Então fomos para a escola, conhecemos pessoas novas, mudamos um poucos nossas companhias, mas continuamos achando que todos são nossos amigos.
Aí, entramos na quinta série. Lá começamos a mudar mais. Já somos mais selectivos com nossas amizades e procuramos pessoas com os mesmo interesses que os nossos, avaliamos as aparências e aprendemos com os erros. Mas mesmo assim não temos nossa própria personalidade. Temos medo de ser nós mesmos e seguimos as modinhas dos mais velhos, criando um personagem.
A partir da sétima série, tudo muda. Deixamos os personagens daquele teatrinho infantil, e começamos a lutar, correr riscos, sonhar e viramos gente. Abandonamos as mascaras e nos tornamos nós mesmos e por aí vai, até virarmos adultos chatos e "responsáveis".

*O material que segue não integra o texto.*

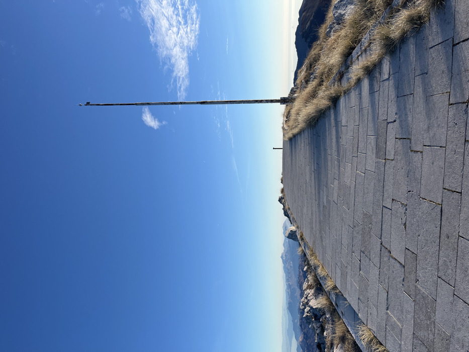 A stone-paved walkway stretches horizontally across the frame, bordered by rocky terrain and dry grass. A tall, weathered flagpole rises vertically from the walkway, reaching into a clear blue sky dotted with a few wispy clouds. Distant mountain ranges are visible below the walkway, fading into a hazy horizon. The scene captures a high-altitude view on a sunny day.

Agora, sendo eu mesma, observo atentamente o passado, surpresa por ver os coleguinhas que deixei pra trás, então, lembro deles nos dias de hoje. Hoje eles são emos, góticas, estranhos, nerds, patricinhas, playboys, coloridos, isolados, galinhas... existem vários outros rótulos para colocar. Mas e eu? E meu rótulo? Bom, acho que nem tenho um. Sou uma mistura de tudo. Vivo momentos emos, as vezes me mato de estudar, também sou fútil e me acho de vez em quando, mas na maioria das vezes, sou só aquela garotinha "normal", mas, se você é verdadeiramente meu amigo, você sabe quem eu sou de verdade e sabe que eu sou apenas eu, traduzindo: não sou nada normal (e nunca ninguém acertou como eu era só pelas primeiras impressões), mas você me ama assim, não é?